ReutersLONDON (Reuters) — Wimbledon has a new hero and, of all people, it is Nick Kyrgios, after the incredible sulk transformed himself into the Clown Prince during an entertaining five-set win over fellow Australian Jordan Thompson on Tuesday.
Tennis fans queued early to see Kyrgios, many hoping for fireworks from a player who has the longest rap sheet in the game. But by the time he triumphed 7-6 (7-4), 3-6, 7-6 (12-10), 0-6, 6-1 in an extraordinary contest, they were putty in his hands.
Only once did he lose his cool and belt a ball into the sky while chuntering about a bad call.
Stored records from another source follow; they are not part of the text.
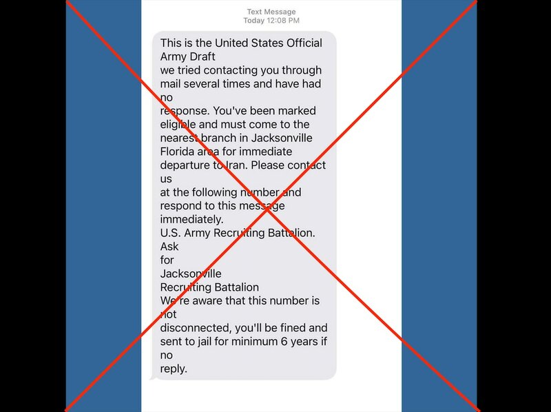 This definitely fits in the "is it reasonable for this entity to communicate this message through this means" part of my regular social engineering training for clients. The Army isn't going to draft you via text message.
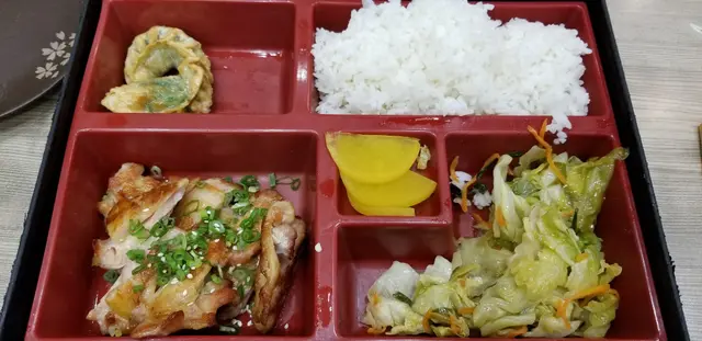 係石硤尾做野經過呢間見幾多學生黎食 所以就諗住試下叫咗 和風牛肉便當上菜速度十分快 因為真係好多學生lunch 時段港式溝日式既飯講真40蚊冇話好大期望牛肉係啲街市肥牛整成 份量多似屋企食到味道 啲菜炒得幾清 冇咩特別調味 有啲黑椒咁中華沙律係平時係魚尚爭鮮買到個啲既質素飯既份量好多 知道自己食唔晒記得叫少飯!玄米茶 平時759買返黎茶包既味道正正常常
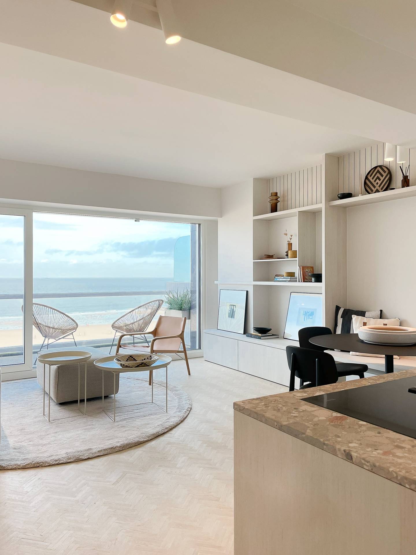 Bijzonder smaakvol en hedendaags ingericht appartement met mooi terras, gelegen op ZEEDIJK Zoute, tussen het Albertplein en de Minigolf...
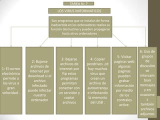 Este documento describe los virus informáticos y los antivirus. Los virus se instalan sin permiso en los ordenadores y se propagan a otros, realizando funciones destructivas. Los antivirus son herramientas que eliminan los virus mediante la detección, el análisis y la actualización continua para proteger los ordenadores.
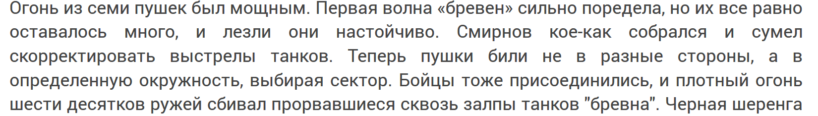 И тут же через пяток абзацев снова танки. Они похоже народились все семь штук сразу. Снова заговорили танковые пушки.
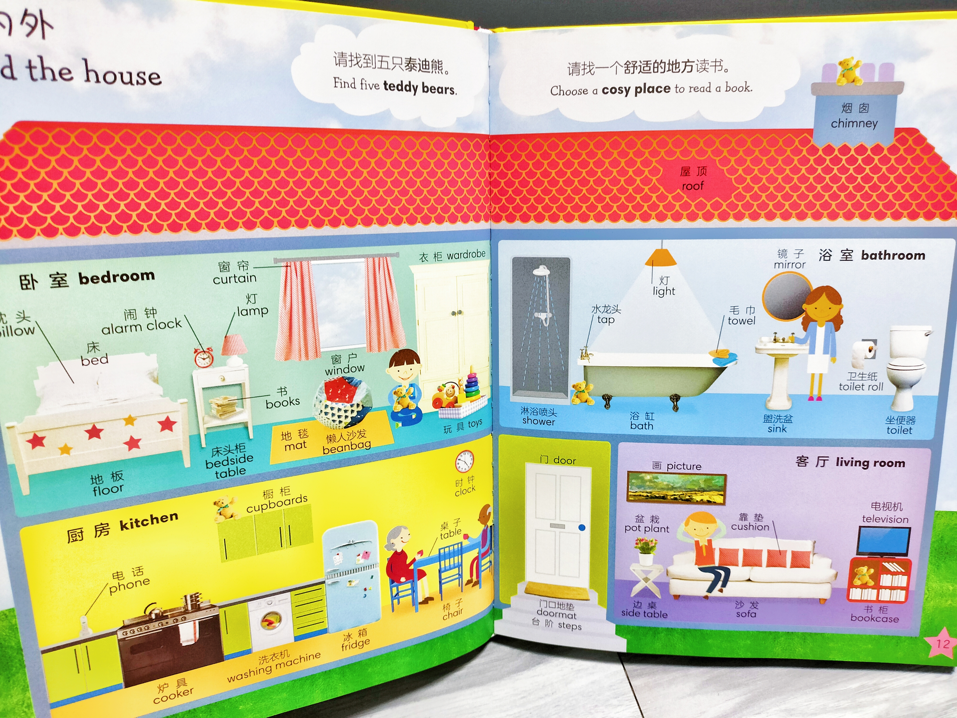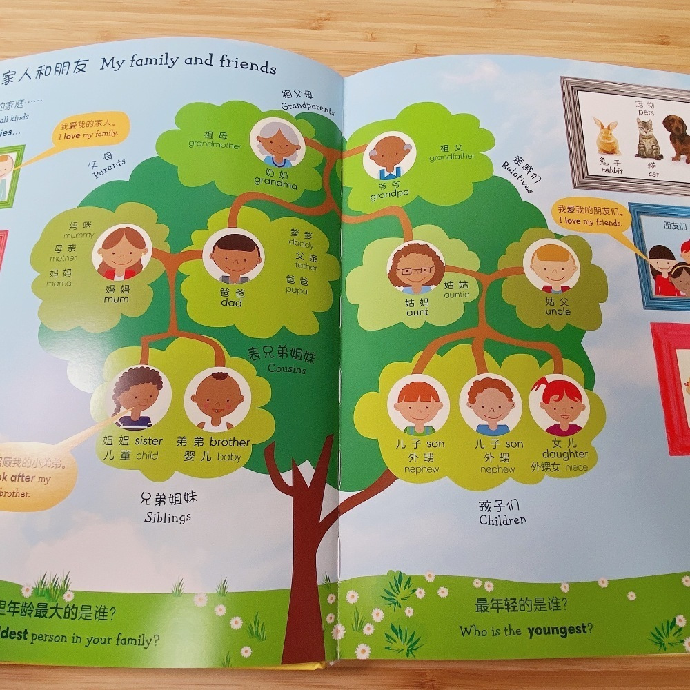 铜版纸的沙沙声里藏着设计的巧思:百科蓝皮书里藏着登月火箭的零件名称,儿童黄本中埋伏着五只泰迪熊等待探索。这哪里是词典?分明是纸上的环球影院和寻宝地图。当孩子指着“aunt”和“nephew”在家谱树上穿行,或在食物分类表里发现番茄竟是水果时,语言便从符号变成了探险的罗盘。难怪欧洲妈妈们痴迷DK——它把单词教成了童话,又把常识写成了诗。若把“How many green leaves?”换成中文,大约就是陶渊明“采菊东篱下”的悠然,中西启蒙的意趣在此刻悄然相通。
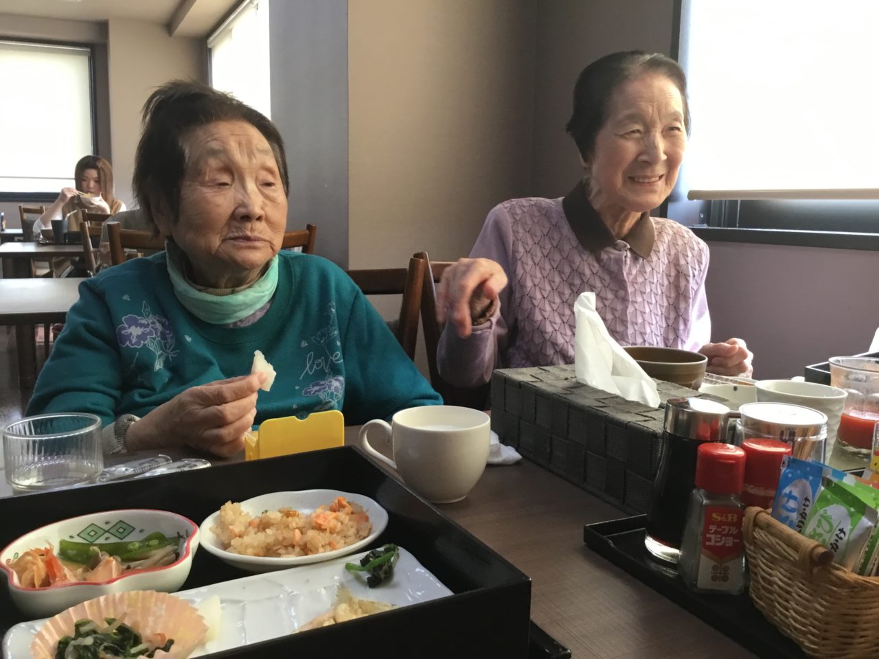 いつもより利用者さん方が少なく寂しいレストランでしたが、「晴れて良かったね」「今頃、お昼何食べてるだろうね」など、旅行組の話で盛り上がる場面もありました?
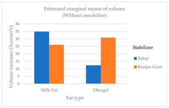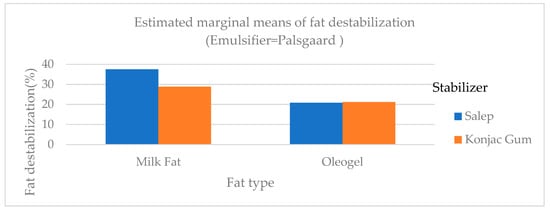 Fat destabilization ratios of ice cream samples ranged from 18.71 to 37.50% (Table 3). The fat destabilization ratios of samples containing oleogel and konjac gum were lower than those of samples containing milk fat and salep (Figure 4). The fat destabilization ratio of samples with PG as an emulsifier (C, F, I, and L samples) was statistically higher (p < 0.01) than those of samples with MG and samples with no emulsifier (NE). Amador et al. [] made ice cream using an emulsifier at different ratios and found that fat destabilization values were between 6.6% and 36.0%, consistent with the findings of this study. In another study, Ozdemir et al. [] discovered that the fat destabilization ratios of ice cream samples with different sweeteners ranged between 14.62 and 42.40%, which was consistent with the findings of this study.
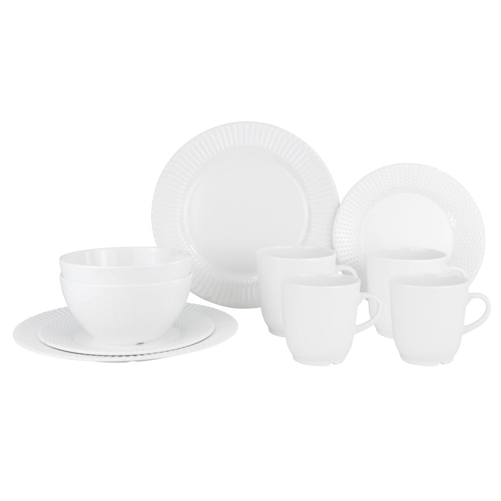 16-teiliges Geschirrset bestehend aus: 4 Ess-, 4 Desserttellern, 4 Müslischalen und 4 Henkelbecher.
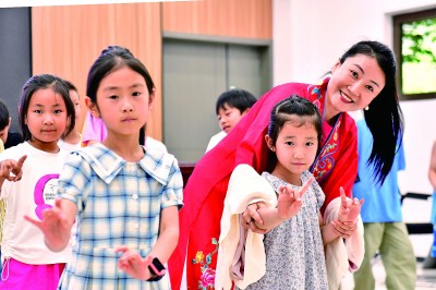 為豐富暑假兒童文化生活,山東省濱州市博興縣利用社區睦鄰中心、新時代文明實踐中心(站)等場所,招募返鄉大學生、文化志愿者,打造“濱濱學堂”,開展形式多樣的活動,讓孩子們度過一個歡樂、充實的暑假。圖為7月23日,博興縣戲劇團的孫娟娟在教孩子們戲劇表演。 新華社記者 郭緒雷攝
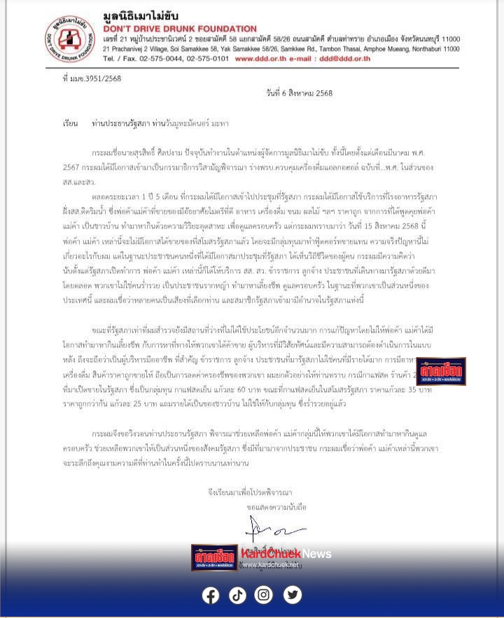 ผู้จัดการมูลนิธิเมาไม่ขับ ทำหนังสือวิงวอนประธานรัฐสภา พิจารณาช่วยเหลือพ่อค้า แม่ค้าในโรงอาหารรัฐสภา
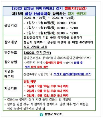 함양군보건소가 오는 10일부터 12일까지 3일 동안 하루 선착순 400명씩 1천200명을 대상으로 걷기 챌린지를 한다.
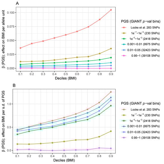 A series of OLS models were fit for each PGS based on different GWAS p-value bins, namely 10−7 < p < 10−5 (230 SNPs), 10−5 < p < 10−3 (2418 SNPs), 10−3 < p <0.01 (9975 SNPs), 0.01< p < 0.05 (32,423 SNPs), and lastly, p > 0.95 (39,108 SNPs). Figure 2A plots the β estimates of the substitution effect of each unweighted PGS on BMI in deciles of the BMI distribution. Confirming the results of Abadi et al. using cohorts unrelated to the UK Biobank, the effects of the PGS based on 283 GIANT SNPs increase significantly across the BMI distribution with effects per allele that are over two-fold stronger in the highest vs. lowest BMI decile.

The rest of the time he was more reminiscent of French maestro Henri Leconte playing an exhibition — both in terms of crowd interaction and shot choice.
“I’m never going to change,” Kyrgios said. “I used to be like this when I played under 12s, 14s. I just go out there, have fun, play the game how I want it to be played.
“At the end of the day, I know people are going to watch. They can say the way I play isn’t right or ‘he’s classless for the sport’, all that sort of stuff. They’re probably still going to be there watching.”
He must have played 30 drop shots, despite almost every one of them failing to yield a point. He threw in a bewildering array of slices and dices amid more conventional ground strokes and serves of immense power. He somehow lost the fourth set to love in 18 minutes — less time than he took to win a marathon 12-10 tie break in the third.
He served a 194 kph ace on second serve on game point at 5-4 down in the first set. There was the mandatory under-arm serve, a half-court lap of honor after winning a key point in a tie break, repeated collapses to the floor in mock — or perhaps real — exhaustion.
His reward is a mouth-watering second-round clash with Rafa Nadal, the third-seeded Spaniard he has described as “super salty.”